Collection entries
####################

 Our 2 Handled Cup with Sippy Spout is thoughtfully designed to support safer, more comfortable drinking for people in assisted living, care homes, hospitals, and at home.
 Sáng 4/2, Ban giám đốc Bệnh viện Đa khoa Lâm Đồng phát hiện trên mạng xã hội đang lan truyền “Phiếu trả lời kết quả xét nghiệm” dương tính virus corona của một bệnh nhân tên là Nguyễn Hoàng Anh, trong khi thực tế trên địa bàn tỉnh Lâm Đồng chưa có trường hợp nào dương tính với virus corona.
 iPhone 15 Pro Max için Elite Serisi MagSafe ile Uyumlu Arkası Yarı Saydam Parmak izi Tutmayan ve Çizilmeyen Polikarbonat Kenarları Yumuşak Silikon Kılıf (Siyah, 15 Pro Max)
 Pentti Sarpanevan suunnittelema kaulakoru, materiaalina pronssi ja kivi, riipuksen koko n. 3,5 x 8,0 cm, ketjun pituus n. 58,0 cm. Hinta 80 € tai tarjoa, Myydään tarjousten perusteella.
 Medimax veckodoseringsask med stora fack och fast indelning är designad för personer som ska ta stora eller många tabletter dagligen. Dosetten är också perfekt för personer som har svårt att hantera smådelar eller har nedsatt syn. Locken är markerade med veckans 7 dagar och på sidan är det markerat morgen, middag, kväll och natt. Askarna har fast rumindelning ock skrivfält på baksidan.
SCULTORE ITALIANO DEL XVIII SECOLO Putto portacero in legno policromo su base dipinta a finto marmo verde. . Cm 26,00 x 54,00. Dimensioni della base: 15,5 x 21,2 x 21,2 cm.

####################

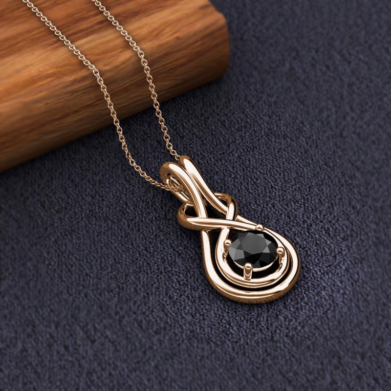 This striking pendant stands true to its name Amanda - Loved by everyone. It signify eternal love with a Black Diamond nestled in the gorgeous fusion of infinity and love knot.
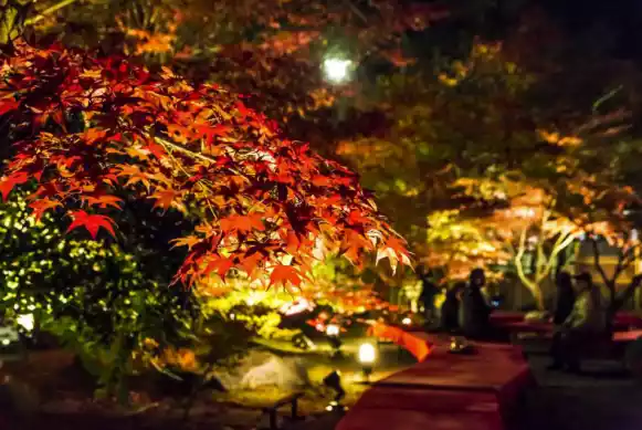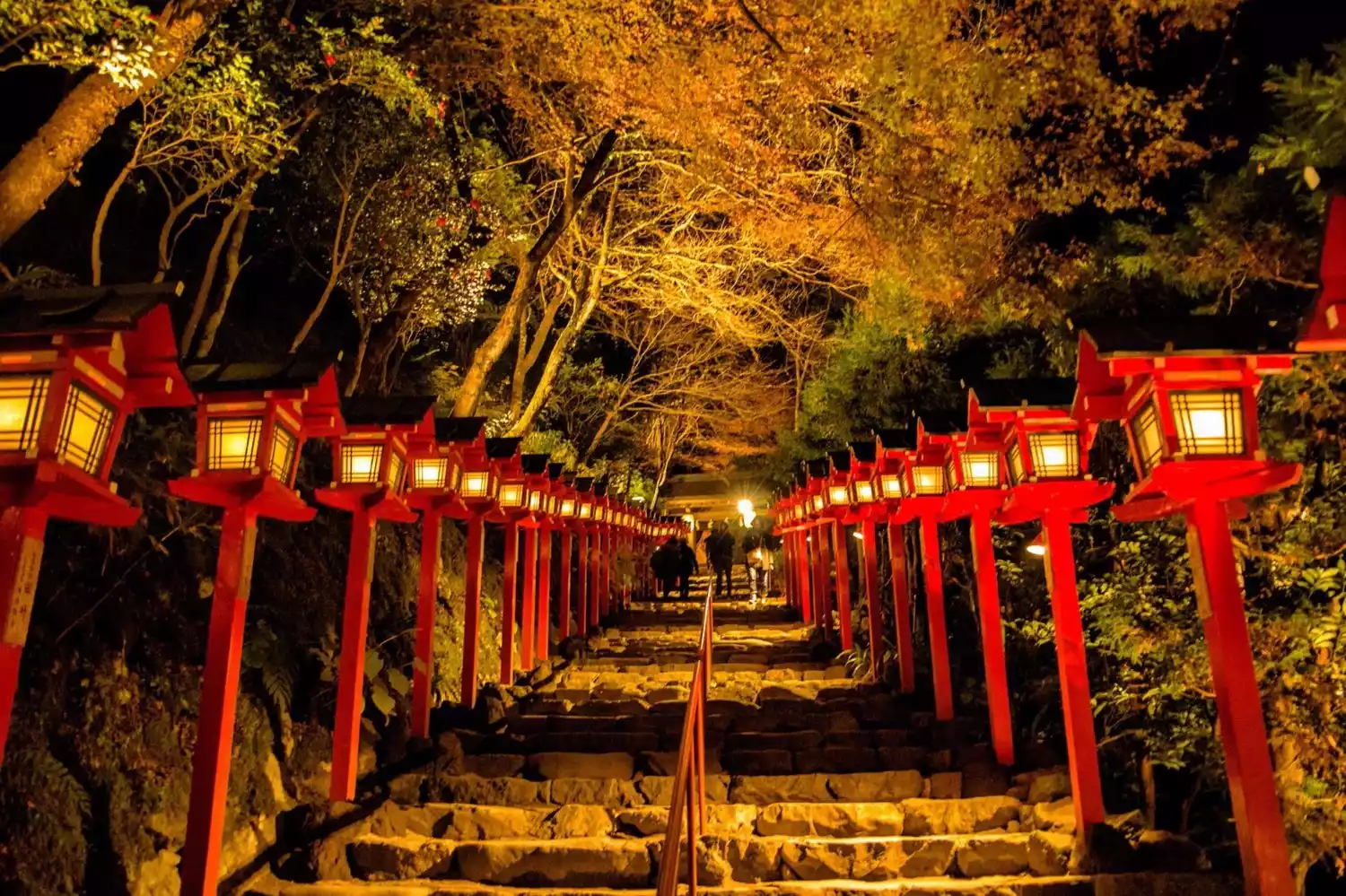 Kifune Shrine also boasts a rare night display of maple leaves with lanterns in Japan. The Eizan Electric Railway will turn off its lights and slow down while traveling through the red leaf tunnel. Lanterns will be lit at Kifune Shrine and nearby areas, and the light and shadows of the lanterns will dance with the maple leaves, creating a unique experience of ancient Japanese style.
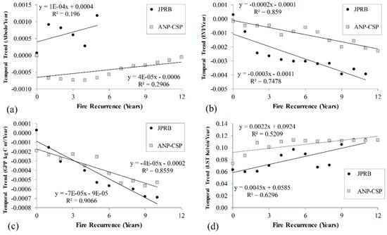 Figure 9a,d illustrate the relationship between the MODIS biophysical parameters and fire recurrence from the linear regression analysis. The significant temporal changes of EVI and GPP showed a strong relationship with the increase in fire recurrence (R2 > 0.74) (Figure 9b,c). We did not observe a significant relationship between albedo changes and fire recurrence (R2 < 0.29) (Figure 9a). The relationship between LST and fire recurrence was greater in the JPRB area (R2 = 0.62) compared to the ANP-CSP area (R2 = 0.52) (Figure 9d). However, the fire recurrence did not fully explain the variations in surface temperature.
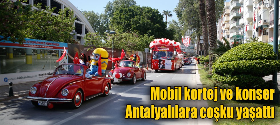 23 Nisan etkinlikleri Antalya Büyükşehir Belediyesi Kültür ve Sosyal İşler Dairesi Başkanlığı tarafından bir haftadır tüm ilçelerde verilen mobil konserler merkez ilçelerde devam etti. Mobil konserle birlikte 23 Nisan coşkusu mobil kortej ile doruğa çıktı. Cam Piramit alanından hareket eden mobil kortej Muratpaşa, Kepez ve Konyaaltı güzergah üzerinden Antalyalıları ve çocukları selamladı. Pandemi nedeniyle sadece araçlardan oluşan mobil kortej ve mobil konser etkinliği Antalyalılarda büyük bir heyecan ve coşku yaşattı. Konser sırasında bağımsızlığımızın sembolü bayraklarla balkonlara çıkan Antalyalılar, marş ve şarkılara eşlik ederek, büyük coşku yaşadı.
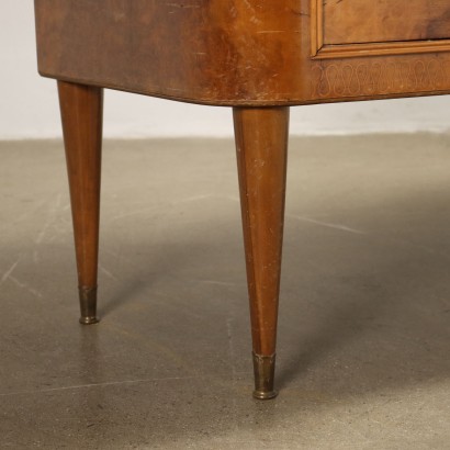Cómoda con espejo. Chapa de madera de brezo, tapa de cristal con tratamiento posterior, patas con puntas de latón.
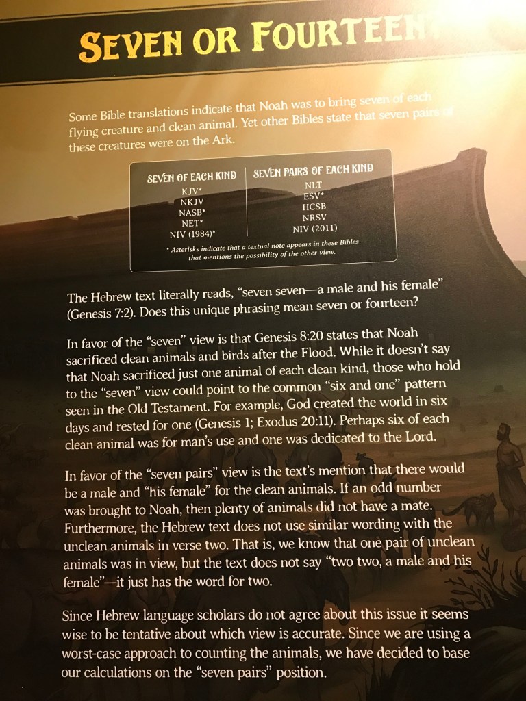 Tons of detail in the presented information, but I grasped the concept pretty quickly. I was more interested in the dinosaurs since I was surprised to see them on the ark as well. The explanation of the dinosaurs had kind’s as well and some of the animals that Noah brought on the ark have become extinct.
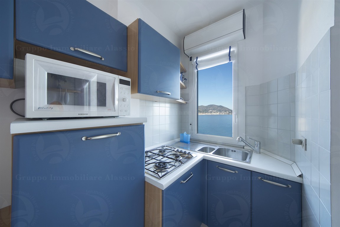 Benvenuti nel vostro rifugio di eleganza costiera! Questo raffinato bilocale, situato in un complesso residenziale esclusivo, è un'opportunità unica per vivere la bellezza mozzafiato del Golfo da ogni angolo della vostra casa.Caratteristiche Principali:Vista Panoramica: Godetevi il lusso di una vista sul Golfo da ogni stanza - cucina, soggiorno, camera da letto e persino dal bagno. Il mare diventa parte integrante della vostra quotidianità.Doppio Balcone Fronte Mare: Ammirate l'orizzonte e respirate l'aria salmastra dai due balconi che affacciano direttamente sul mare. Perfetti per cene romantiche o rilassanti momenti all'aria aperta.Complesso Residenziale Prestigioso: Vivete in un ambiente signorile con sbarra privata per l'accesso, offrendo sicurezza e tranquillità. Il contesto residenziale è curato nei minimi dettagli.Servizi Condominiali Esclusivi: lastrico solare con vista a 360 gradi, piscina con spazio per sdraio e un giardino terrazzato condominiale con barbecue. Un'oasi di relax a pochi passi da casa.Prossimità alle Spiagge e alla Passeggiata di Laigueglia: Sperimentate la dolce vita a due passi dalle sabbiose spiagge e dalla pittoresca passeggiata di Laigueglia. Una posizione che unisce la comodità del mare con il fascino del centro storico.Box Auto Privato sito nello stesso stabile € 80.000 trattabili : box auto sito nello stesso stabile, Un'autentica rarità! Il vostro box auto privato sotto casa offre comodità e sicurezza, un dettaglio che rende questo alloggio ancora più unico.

####################

## PROBLEM TO WORK ON
Using the data above, print exactly the lines from the line that contains "Our 2 Handled" through the line that contains "Pentti Sarpanevan suunnittelema", with both included.

## ANSWER SECTION
 Our 2 Handled Cup with Sippy Spout is thoughtfully designed to support safer, more comfortable drinking for people in assisted living, care homes, hospitals, and at home.
 Sáng 4/2, Ban giám đốc Bệnh viện Đa khoa Lâm Đồng phát hiện trên mạng xã hội đang lan truyền “Phiếu trả lời kết quả xét nghiệm” dương tính virus corona của một bệnh nhân tên là Nguyễn Hoàng Anh, trong khi thực tế trên địa bàn tỉnh Lâm Đồng chưa có trường hợp nào dương tính với virus corona.
 iPhone 15 Pro Max için Elite Serisi MagSafe ile Uyumlu Arkası Yarı Saydam Parmak izi Tutmayan ve Çizilmeyen Polikarbonat Kenarları Yumuşak Silikon Kılıf (Siyah, 15 Pro Max)
 Pentti Sarpanevan suunnittelema kaulakoru, materiaalina pronssi ja kivi, riipuksen koko n. 3,5 x 8,0 cm, ketjun pituus n. 58,0 cm. Hinta 80 € tai tarjoa, Myydään tarjousten perusteella.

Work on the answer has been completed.